Much has been said about the inactions of the UN and the complicity of some peacekeepers during the 100 days in 1994, there is; however, one man that defied orders and mission agenda to heed the call of humanity as he saved over 50 people during the genocide.

The story of this once in a lifetime hero, was told by a man who worked with him, Mark Doyle: From accepting to transport the five children of Prime Minister Agathe Uwilingiyimana to the Hotel Des Mille Collines which was serving as the safe house of the UN, to walking in at the right time to prevent a Hutu priest from murdering a Tutsi woman who was taking refuge at the church, the timing of Captain Mbaye was impeccable.

No other expression better describes the effect of his presence at the Sainte Famille Church than these words from Mark Doyle, “There was no large-scale killing inside the Sainte Famille compound, partly as a result of the efforts of Mbaye and the other UN peacekeepers – although plenty took place just outside.”

“He was an ordinary unarmed military observer reporting to the UN peacekeeping mission, but he did the job of a man with an extra life.
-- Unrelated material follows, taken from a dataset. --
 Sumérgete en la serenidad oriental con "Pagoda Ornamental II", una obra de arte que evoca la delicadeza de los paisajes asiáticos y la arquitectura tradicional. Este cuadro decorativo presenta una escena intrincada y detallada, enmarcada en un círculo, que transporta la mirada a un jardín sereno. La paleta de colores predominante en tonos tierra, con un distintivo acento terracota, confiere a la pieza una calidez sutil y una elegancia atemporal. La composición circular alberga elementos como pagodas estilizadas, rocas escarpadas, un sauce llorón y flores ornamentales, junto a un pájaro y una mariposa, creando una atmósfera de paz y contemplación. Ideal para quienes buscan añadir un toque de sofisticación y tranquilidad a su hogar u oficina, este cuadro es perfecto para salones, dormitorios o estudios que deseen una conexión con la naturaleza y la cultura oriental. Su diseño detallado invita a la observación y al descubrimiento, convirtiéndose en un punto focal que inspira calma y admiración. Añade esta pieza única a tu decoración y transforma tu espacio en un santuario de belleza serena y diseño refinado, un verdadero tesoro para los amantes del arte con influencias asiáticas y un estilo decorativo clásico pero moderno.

Through roadblocks and bullet teeth, Mbaye transported endangered Tutsis and Hutus while the rest of the UN soldiers were torn between their humanity and sticking with their mission agenda. At the end of the day, even if they wanted to follow their humanity, they were under equipped. But it never mattered to Captain Mbaye, a northern Senegalese man in his mid-30s who was built, gap-toothed and funny. His weapon was his laughter, which he deployed in buying the conscience and his way through the Hutu militias as well as delivering momentary joy to the distressed Tutsis.
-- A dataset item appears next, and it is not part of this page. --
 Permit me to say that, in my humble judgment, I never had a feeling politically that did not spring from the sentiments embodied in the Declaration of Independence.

As Captain Mbaye was driving through deathly hallows to take people to the Hotel des Milles Collines safe house.

What underlines his heroism is the fact that he was acting all alone to save people, in clear defiance of the agenda of the UN peacekeeping mission. It, however, was not long before his actions got to the notice of the majors in the army. Surprisingly, recognising the service to humanity Mbaye was carrying out all by himself, rather than reprimand him for breaking orders, General Romeo Dallaire, the head of the mission corroborated the efforts of Mbaye which resulted in over a thousand escaping the onslaught.

He, in the company of some other UN officials, at some point organised convoys to take some people in the hotel to the airport where they had prepared jets to transfer them out of the country. And the plan would have been successful but for a Hutu worker at the hotel who leaked the plans and names of people on board to a Hutu radio.
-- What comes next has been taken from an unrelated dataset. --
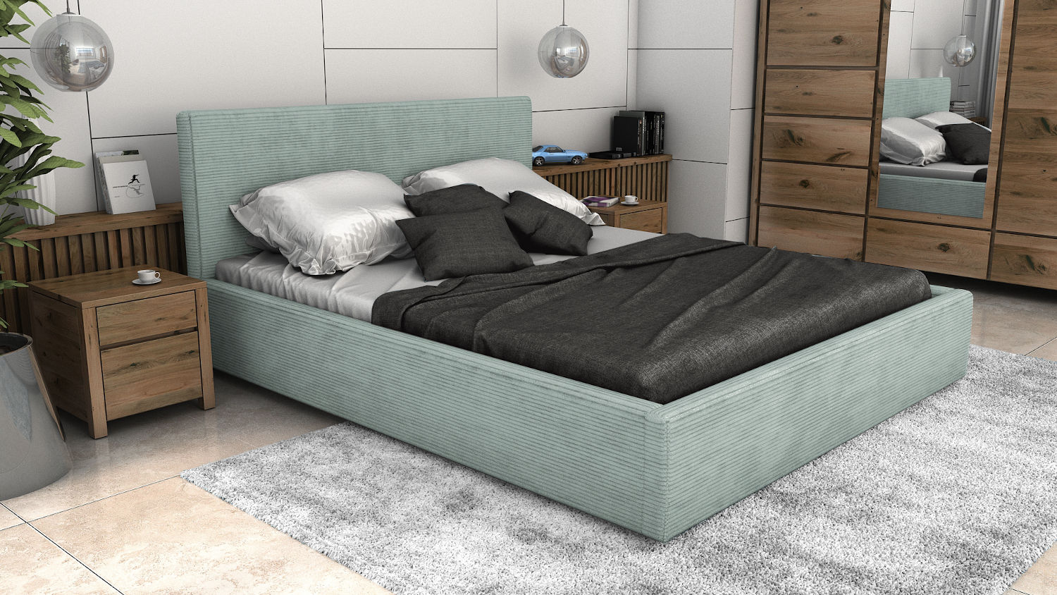 Postel LINCOLN 140x200 zelená s úložným prostorem - manšestr - LINCOLN 72 Čalouněná postel LINCOLN 140x200 je naším návrhem na luxusní a funkční postel do ložnice, která jistě splní všechna vaše očekávání. Jedná se o mimořádně pohodlný kus nábytku, navržený s ohledem na maximální pohodlí a praktičnost. Postel se vyznačuje mimořádně prostorným úložným prostorem na lůžkoviny v přední části postele, který umožňuje uložení nezbytných věcí každodenní potřeby - perfektní řešení pro ty, kteří oceňují pořádek a funkčnost v ložnici. Jedním z klíčových prvků postele LINCOLN je její odolný rám. Je vyroben z masivního habrového dřeva a je navíc vyztužený kovovými prvky. Rám díky tomu odolá zatížení až 400 kg, což zaručuje odolnost a stabilitu postele po mnoho let používání. Postel LINCOLN je kus nábytku, který se skvěle hodí do klasického i moderního interiéru. Díky jeho univerzálního designu se může stát ústředním bodem každé ložnice a dodat jí eleganci a charakter. Jednou z největších předností této postele je možnost výběru velikosti a barvy, což umožňuje dokonalé přizpůsobení nábytku individuálním potřebám a preferencím zákazníka. Tato čalouněná postel je výbornou volbou pro ty, kteří hledají tu pravou kombinaci pohodlí, odolnosti a elegance. Její pevná konstrukce, praktický zásobník na lůžkoviny a možnost individuálního nastavení z ní dělají produkt, který splní očekávání i těch nejnáročnějších uživatelů. Abychom zdůraznili jedinečný charakter produktu, zvolili jsme pro potah postele látku Lincoln. Jedná se o extrémně univerzální látku, která dokonale podtrhuje charakter nábytku a dodává mu jedinečný vzhled. Látka Lincoln připomíná široký manšestr o šířce přibližně 10 mm s dlouhým vláknem, který jí dodává příjemnou a jemnou strukturu Soft Touch. Díky pevné podložce a velmi vysoké oděruvzdornosti tato látka zajišťuje trvanlivost a elegantní vzhled nábytku. Výběrem postele LINCOLN investujete do pohodlí a estetiky vaší ložnice na mnoho let. PROVEDENÍ Matrace není v ceně zahrnuta - nutno objednat zvlášť Postel je vybavena dřevěným rámem, který lze zvednout, rám pod matrací tvoří 32 pružinových lamel, které mají pozitivní vliv na komfort spánku. Rám se zvedá pomocí kovového pružinového mechanismu Konstrukce je vyrobena z kvalitní dřevotřísky a dřevěných prvků, což zaručuje odolnost postele K výrobě našich nábytkových konstrukcí používáme pouze osvědčené polotovary ze spolehlivých zdrojů Kvalitní a estetické zpracování, významná část výroby probíhá na přesných CNC strojích Odolná tkanina (test Mardindale >100 000), splňuje požadavky na hotelový nábytek Prošívaná opěrka hlavy s vysokopevnostními nitěmi Uspořádání vzoru prošívání se může lišit v závislosti na šířce opěrky hlavy Po zvednutí rámu postele je prostor rozdělen přepážkou. Zadní část přepážky nemá spodní desku, pouze přední má nádobu na lůžkoviny. Maximální zatížení rámu je 400 kg Výrobek pro vlastní montáž, srozumitelný montážní návod a příslušenství v sadě zaručují rychlou a bezproblémovou montáž ROZMĚRY délka - 208 cm šířka - 150 cm výška čela 86 cm výška bočnice 30 cm plocha na spaní - 140x200 cm Rozměrová tolerance +/- 3cm

The radio went ahead to read out the names of the Hutu on the vehicle, inciting the Interahamwe against the UN convoys. Seeing the preparedness of the militia to kill them, Mbaye reportedly stepped out of the vehicle onto the road while shouting “These people are my responsibility, you would have to kill me first, before you kill them.”

Even though they had to return to the hotel, Mbaye saved lives that day. His luck, however, ran out on May 31, 1994, when a bomb went off a few metres away from his car while on an errand to deliver a message to an army major in the rebel-controlled area of Kigali. A shrapnel tore through his flesh and he died immediately, paying the ultimate price of service.

Captain Mbaye remains one of the greatest heroes of the Rwandan genocide. His love for humanity was beyond military orders. But he lost his life in the process of gaining lives. His acts capture the essence of humanity. There is no better gospel in the 21st century.